¿La ves? Está ahí, en el horizonte, a la par del sol de la mañana. Es una oportunidad y una elección. La oportunidad de hacer que este sea un gran día. Después de todo: “Este es el día que el Señor ha hecho; regocijémonos y alegrémonos en él”.
Pero ¿y esos días de embotellamientos, aeropuertos cerrados y amigos que se olvidan?
Tampoco hay que olvidar todas las largas filas que nos toca hacer. Las fechas límite que nos toca cumplir. Los cabellos que se convierten en canas y los que se caen para no volver a salir. Las palabras groseras y los piropos inapropiados.
Las metas de rendimiento y productividad que parecen sacadas de un cuento de hadas. Las aerolíneas que pierden nuestro equipaje.
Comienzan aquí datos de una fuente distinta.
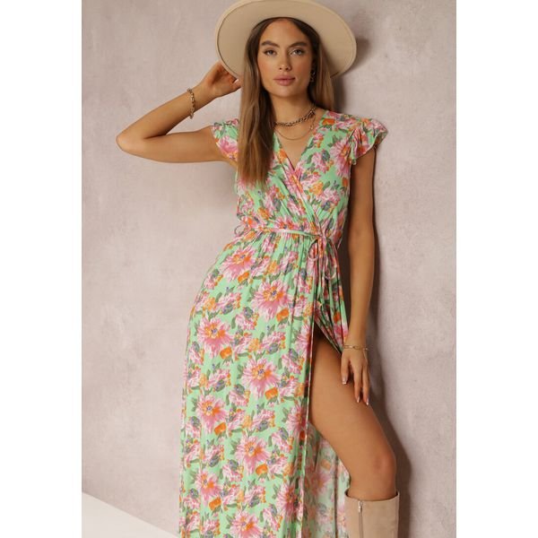 Jasnozielona Sukienka Kopertowa z Gumką w Pasie w Kwiaty Toma

Las arrugas que no se pueden disimular.
¿Y qué decir de aquellos días con sombras dobles? ¿Los días cuando alguna crisis consume entre llamas la esperanza como si fuera el zeppelín Hindenberg?
Todos los días que no puedes salir de tu lecho de enfermo o tu silla de ruedas. Todos los días que te despiertas y acuestas en la misma celda o zona de guerra.
Cuando la tierra del cementerio todavía no se ha asentado, cuando tienes la notificación de despido en tu bolsillo, cuando el otro lado de la cama sigue vacío... ¿quién tiene un buen día en esos días?